I attended IBM’s big coming out party for OpenPOWER and its new Power strategic effort and one of the more interesting concepts was that the company positioned this as the third generation of data center scale out. I actually think it is the fourth generation (I’ll cover that), but it is fascinating to see where the power, no pun intended, resides in each generation.
The Four Generations of Data Center Scale Out
First Generation
The first generation has to be the mainframe. The mainframe was owned by the solutions provider, IBM, and the solution was defined by IBM, but owned by MIS, an earlier acronym for IT. What I think is fascinating is that hardware and software were combined into a solution that pretty much aggregated most of what had been done with calculators and filing systems into one big box. The hardware vendor, and IBM was the most powerful at the time, owned the solution, with MIS kind of like the local priesthood. I say priesthood because the running joke was that to get something done you needed to sacrifice chickens or bring in a bunch of virgins. Netting this out: Scale was good, agility not so much.
Second Generation
This started out being called client/server, implying that there was something intimate between the clients and servers.

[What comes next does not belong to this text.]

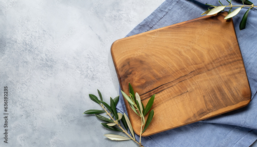 Wooden cutting board for cooking, blue kitchen napkin and olive branch on a gray stone background. Top view, copy space for text

In reality, not so much. Sun Microsystems was the power player here, but in hindsight, this was a suicidal strategy for the company. The power ended up residing in Intel and Microsoft, and they put Sun down painfully. In addition, at first, the solutions largely didn’t work, though it is interesting to note that telephony almost got integrated by AT&T and IBM. But that integration effort failed. As the power shifted from servers to clients, server-based processor platforms (SPARC, Alpha, Power) gave way to X86 and even Itanium (Intel’s big data solution) gave way to the economies of scale created by the desktop technology. However, this seemed to drive control even farther from users over time.
Third Generation
This was the creation of the mega web services companies. The first to scale was Google, followed by Facebook. This put the service providers in control and they defined their own systems, largely based on open source software and their desire to build their own systems. Microsoft lost out but Intel held, albeit with less control over the outcome. Components were standard but the systems were built by the firms that were using them to provide services. The result still leveraged desktop technology heavily and wasn’t yet optimized, but there were strong advancements in ease of implementation and agility, while security and privacy seemed to suffer. This is the generation we are in. Amazon Web Services and Microsoft’s Azure efforts are tending to dominate, potentially displacing Google, which still can be a kingmaker.
Fourth Generation
The fourth generation puts more power in the hands of the service provider and potentially reduces Intel’s hold on the market. It doesn’t necessarily affect Microsoft (it depends on how Microsoft plays this) and it could dramatically scale those providing web services up while addressing security and privacy concerns, depending on how this generation evolves. This takes the open concept and drives it into the processor. This is what IBM is attempting with the OpenPOWER announcement, so that the result revolves around Power rather than ARM. Power is already capable of providing large-scale data center performance, while ARM will have to be stretched to take this kind of load. Stretching the same architecture from smartphones to large servers, as Intel has discovered, is far from an easy, inexpensive or short path. Google is driving the effort. If it is successful, this would potentially put Google in a far better position against AWS and Microsoft than it currently is. Basically, users retain a high level of control but the service provider can better optimize on cost and capability, allowing it to differentiate more strongly.
Wrapping Up: Fifth Generation Data Center Scale Out
As I finished the last paragraph, this got me thinking of the fifth generation, where I think the system itself gets the power. The next big step is likely some form of artificial intelligence, where part of the system’s capability is defining what it needs to change in order to better meet user needs dynamically and operate more efficiently. In the fifth generation, the system gains the power, no pun intended. That reminds me that I should likely watch the Terminator movies again. In any case, what I think is fascinating is that power shifted from IBM to Intel and Microsoft, to Google and Amazon, and may end up in none of the above. But in all cases, the result should eventually be lower cost, more agility, and improved reliability so the power gets ever closer to the user. Assuming we don’t become obsolete, the trend is a good one.